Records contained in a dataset
=== Section Start ===
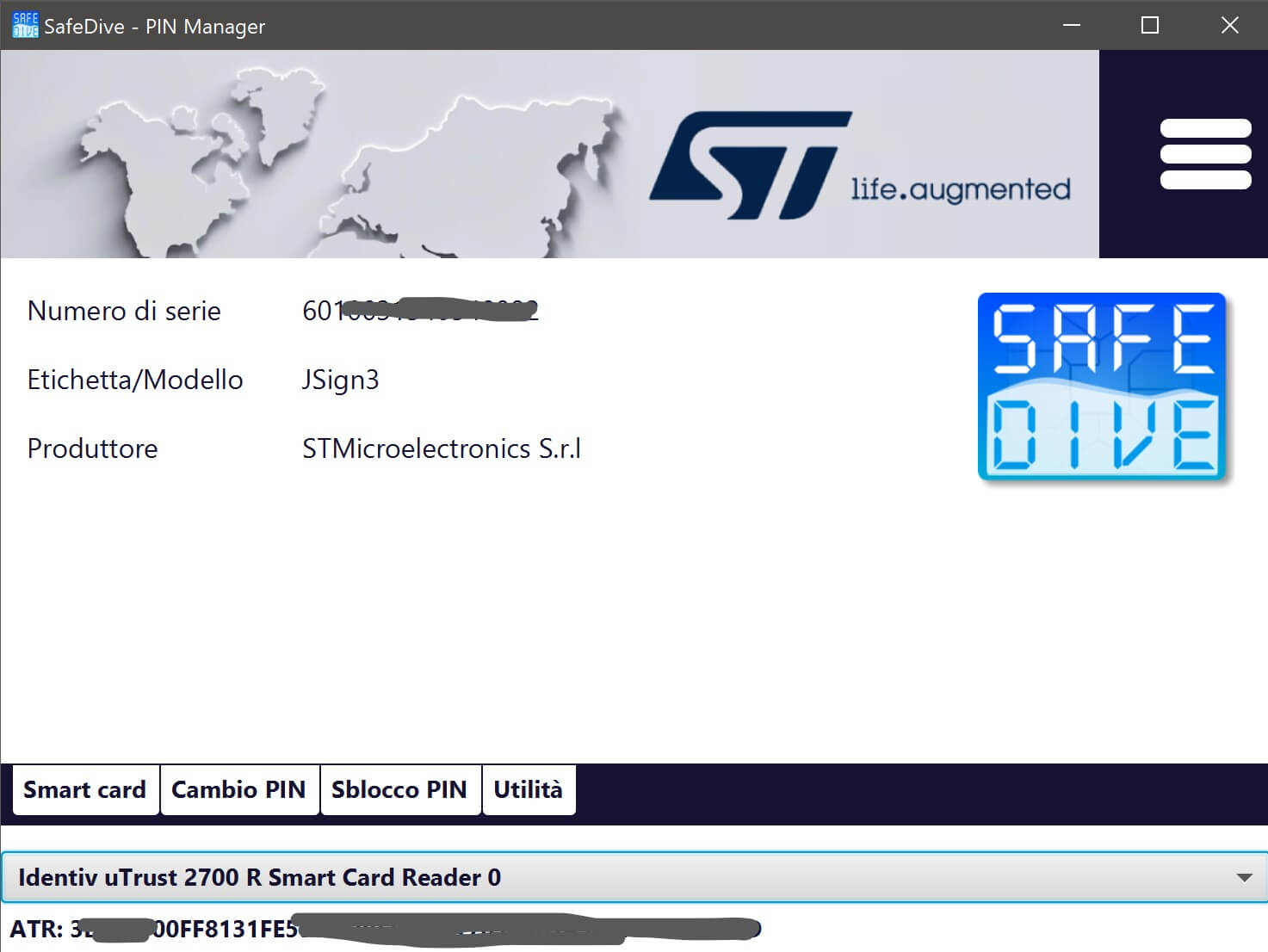 Lanciando l’app SafeDive 2022 si ottengono le informazioni relative alla carta, quando inserita nel lettore: sono presenti voci che consentono di operare sulla stessa (e.g. Sblocco PIN, Cambio PIN che tuttavia personalmente non ho utilizzato… non si da mai!):
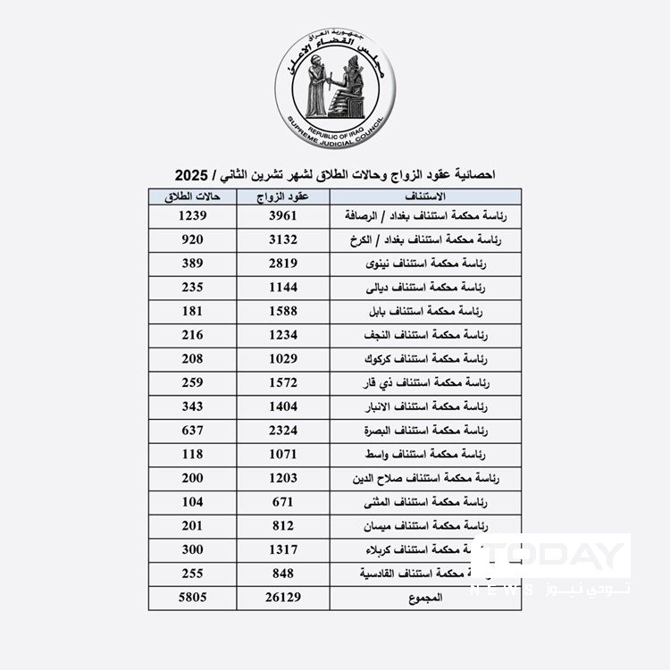 أعلن مجلس القضاء الأعلى إحصائية عقود الزواج وحالات الطلاق لشهر تشرين الثاني 2025، حيث سجّلت محاكم بغداد أعلى الأرقام بين المحافظات، مع تسجيل 3961 عقد زواج و1239 حالة طلاق في الرصافة، و3132 عقد زواج مقابل 920 طلاق في الكرخ.
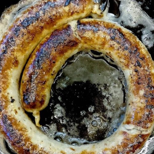- When the butter is done foaming and bubbling, place the medister on the pan!
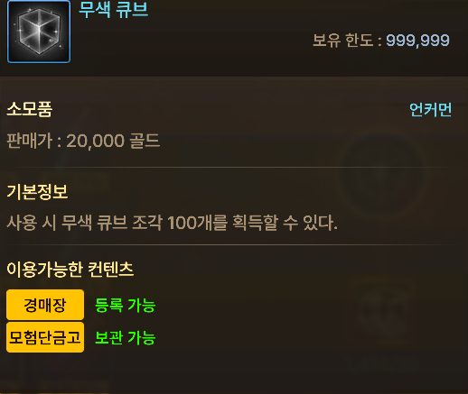 2. 무색 큐브로 제작하여 판매(20,000골드)
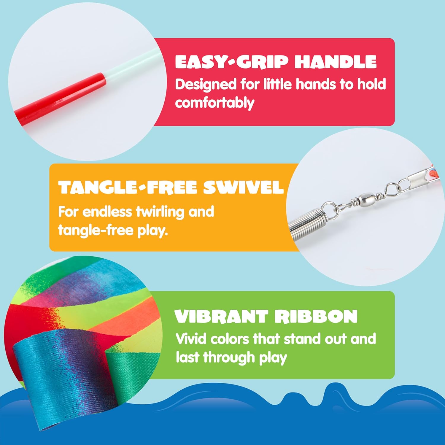• PREMIUM QUALITY FOR ENDLESS PLAY! The smooth wooden stick is easy for little hands to hold, and the soft, silky ribbon is both lightweight and durable. The ribbon is securely attached, ensuring it can withstand countless hours of twirling and dancing.
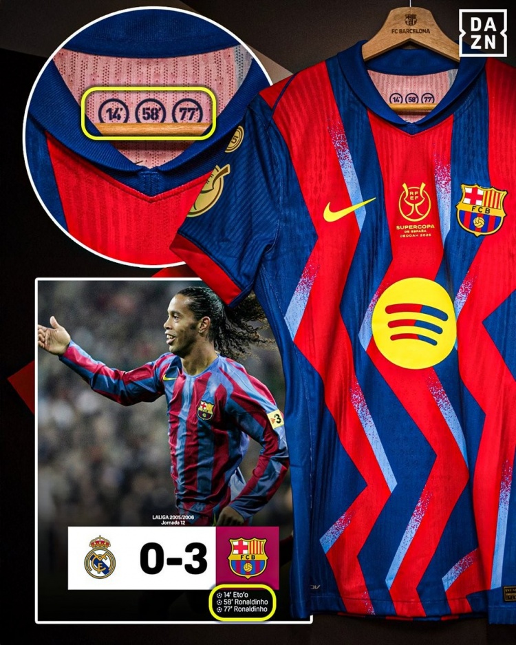 巴萨本场比赛球衣在领口位置印有14、58和77三个数字,这也被考证是2005年的国家德比3-0皇马一役的进球时间:
=== Section End ===
> Activity: Your answer must be an exact copy of every entry, with no pictures in it.

> The completed task:
 Lanciando l’app SafeDive 2022 si ottengono le informazioni relative alla carta, quando inserita nel lettore: sono presenti voci che consentono di operare sulla stessa (e.g. Sblocco PIN, Cambio PIN che tuttavia personalmente non ho utilizzato… non si da mai!):
 أعلن مجلس القضاء الأعلى إحصائية عقود الزواج وحالات الطلاق لشهر تشرين الثاني 2025، حيث سجّلت محاكم بغداد أعلى الأرقام بين المحافظات، مع تسجيل 3961 عقد زواج و1239 حالة طلاق في الرصافة، و3132 عقد زواج مقابل 920 طلاق في الكرخ.
- When the butter is done foaming and bubbling, place the medister on the pan!
 2. 무색 큐브로 제작하여 판매(20,000골드)
• PREMIUM QUALITY FOR ENDLESS PLAY! The smooth wooden stick is easy for little hands to hold, and the soft, silky ribbon is both lightweight and durable. The ribbon is securely attached, ensuring it can withstand countless hours of twirling and dancing.
 巴萨本场比赛球衣在领口位置印有14、58和77三个数字,这也被考证是2005年的国家德比3-0皇马一役的进球时间:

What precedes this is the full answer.